Let no one excuse himself, as not called, for God calls all to some sort of labor in the great harvest field. You never need, therefore, to excuse yourself as one not called to some service for your Lord and Master. And let no one excuse himself from the ministry unless his heart is on the altar and he himself praying and longing to go, and only held back by an obvious call of God, through His providence, to some other part of the great labor.
Many will be sent to hell at last for treating this subject as they have, with so much selfishness at heart! I know the young man who for a long time struggled between a strong conviction that God called him to the ministry and a great repellency against engaging in this work. I know what this feeling is, for I felt it a long time myself. A long time I had a secret conviction that I should be a minister, though my heart repelled it. In fact, my conversion turned very much upon my giving up this contest with God, and subduing this repellency of feeling against God's call. 8. You can see what it is to be a Christian, and what God demands of men at conversion. The turning point is -- Will you really and honestly serve God? With students especially the question is wont to be -- Will you abandon all your ambitious schemes and devote yourself to the humble, unambitious toil of preaching Christ's Gospel to the poor? Most of this class are ambitious and aspiring; they have schemes of self-elevation, which it were a trial to renounce altogether. Hence with you, your being a Christian and being saved at last will turn much, perhaps altogether, on your giving yourself up to this work in the true self- denial of the Gospel spirit.

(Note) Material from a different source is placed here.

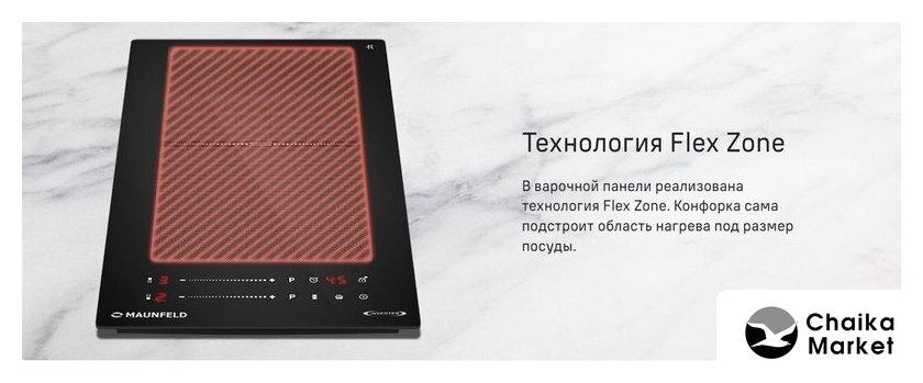 индукционная на 2 конфорки, cтеклокерамика, независимая установка, размеры (ШхГ): 28.8x52 см

9. Many have been called to this work, who afterwards backslide and abandon it. They begin well, but backslide; get into a state of great perplexity about their duty; perhaps, like Balaam, they are so unwilling to see their duty and so anxious to evade it, that God will not struggle with them any longer, but gives them up to their covetousness, or their ambition.
Young man, are you earnestly crying out, "Lord, what wilt Thou have me do?" Be assured, God wants you in His field somewhere; He has not abandoned His harvest to perish; He wants you in it, but He wants you first to repent and prepare your heart for the Gospel ministry. You need not enter it till you have done this.
Many are waiting for a miraculous call. This is a great mistake. God does not call men in any miraculous way. The finger of His providence points out the path, and the fitness He gives you indicates the work for you to do. You need not fear that God will call you wrong. He will point out the work He would have you do. Therefore, ask Him to guide you to the right spot in the great field. He will surely do it.
What say you? Are you prepared to take this ground? Will you consecrate your education to this work? Are you ready and panting to consecrate your all to the work of your Lord? Do you say, "Yes, God shall have all my powers, entirely and forever?"I do beseech you, brethren, by the mercies of God, that ye present your bodies a living sacrifice, holy, acceptable to God, which is your reasonable service." The altar of God is before you. A whole sacrifice is the thing required. Are you ready to forego all your selfish schemes? Ye who have talents fitting you for the ministry, will you devote them with all your soul to this work? Say, will you deal honestly and truly with my Master? Say, do you love His cause, and count it your highest glory to be a laborer together with God, in gathering in the nations of lost men to the fold of your Redeemer?